(Bloomberg) -- Bernie Sanders said he would meet with adversaries, including North Korea’s Kim Jong Un, but that he would do so better prepared than President Donald Trump.
“Meeting with people who are antagonistic is, to me, not a bad thing to do,” the Democratic presidential candidate said in an interview with CBS’s “60 Minutes” that will air in full on Sunday.
Trump has met with the North Korean leader three times -- in Singapore, in Vietnam, and most recently in June at the Demilitarized Zone separating South and North Korea.
The pair have discussed sanctions and North Korea’s nuclear program but the U.S. has been unsuccessful in persuading Kim to give up his nuclear arsenal. Negotiations between Washington and Pyongyang have stalled for now, and Kim has pressed ahead with missile testing.
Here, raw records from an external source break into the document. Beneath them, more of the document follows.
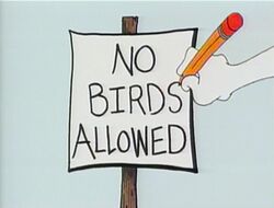 Cartoon | Some animals want a boy to share his birthday cake with them, but he keeps changing his "No ______ allowed" sign, until they all offer him a glass of milk. Artist: Gene Barretta (First: Episode 3558) |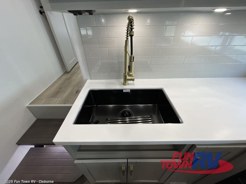 The Brinkley mid-profile Model Z fifth wheels bring you clean lines and an upscale look with plenty of style and exciting new features like the industry first brass plumbing connections. These units also feature an automotive grade front cap, plenty of exterior storage, dual exterior hot and cold showers, and wide stance leveling jacks for easy set up. Residential frameless windows provide a clean look and beautiful views, and ample electrical outlets and USB/USB-C outlets allow all of your electronics and appliances to easily be used and charged.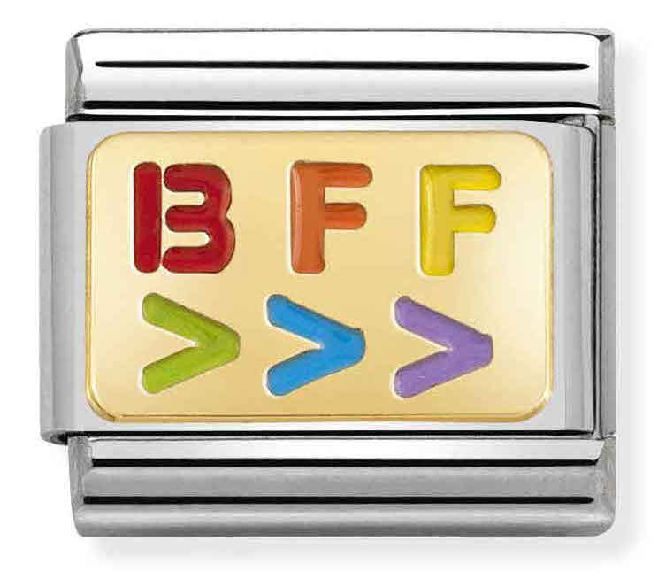 Nomination Classic BFF right arrows 030263-17-hela juhlii ystävyyttä, ja se on mukava lisä omaan Nomination-rannekkeeseen. Korun pinnassa on 18-karaatin kultaus ja teksti BFF, joka on koristeltu monivärisellä emalilla. Helan runko on ruostumatonta terästä. Italialaisilla Nomination-paloilla on kahden vuoden takuu, ja ne toimitetaan valmistajan alkuperäisessä pakkauksessa.

“I think, unfortunately, Trump went into that meeting unprepared. I think it was a photo opportunity -- and did not have the -- kind of the diplomatic work necessary to make it a success,” Sanders said. It was unclear which of the meetings he was referring to.
“But I do not have a problem with sitting down with adversaries all over the world,” Sanders said in a partial transcript released by the network.
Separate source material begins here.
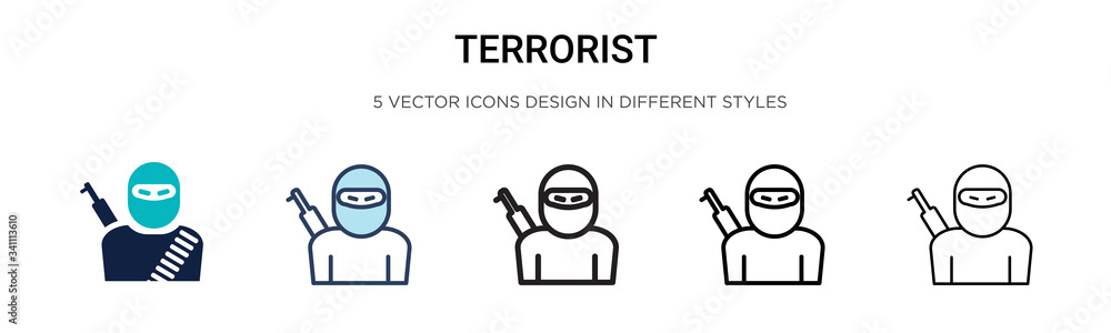 Tableau sur toile Terrorist icon in filled, thin line, outline and stroke style

Sanders, who’s said he wants the U.S. to withdraw from foreign military engagements, said there are circumstances in which military action is warranted, such as “threats against the American people.”“You know, hopefully as -- as rare -- as possible. But, yeah, we have the best military in the world,” he said.
Attacks on allies would also be a justification for U.S. military involvement, Sanders said. “I believe in NATO. I believe that the United States, everything being equal, should be -- working with other countries in alliance, not doing it alone.”
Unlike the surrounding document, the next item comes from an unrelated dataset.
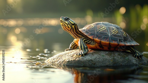 © Dece Std, Obraz premium A turtle basks on a rock in tranquil water, bathed in golden sunlight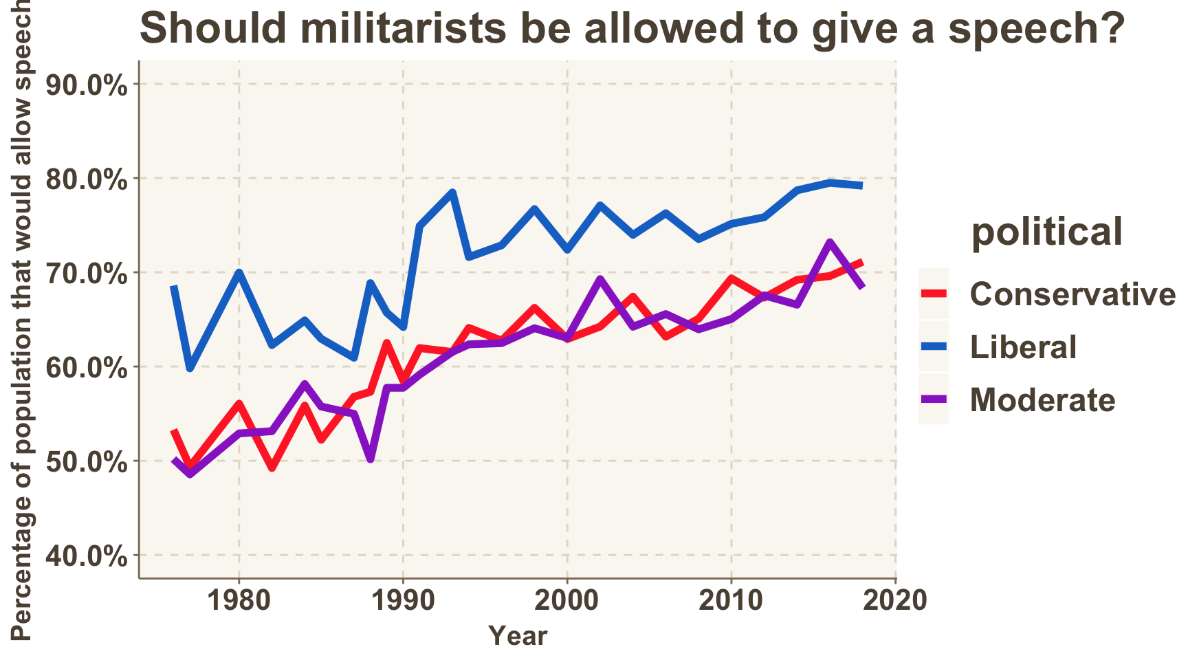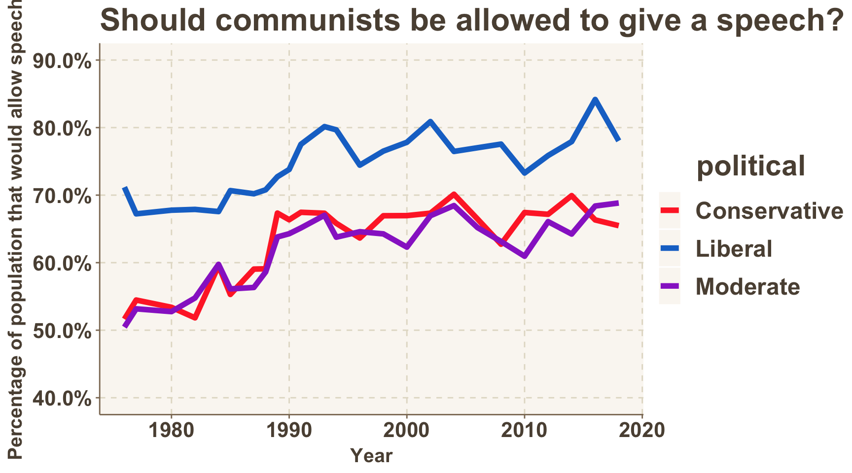 The graphs below tell a very different story. Self-identified liberals, in all areas, tended to have the highest rates of support for speakers of any kind.

He also said the U.S. should intervene if China were to take military action against Taiwan.
“We have got to make it clear to countries around the world that we will not sit by and allow -- invasions to take place, absolutely,” Sanders said.
The Vermont senator decisively won the Nevada caucuses on Saturday to cement his place as the front-runner for the Democratic nomination to take on Trump in November.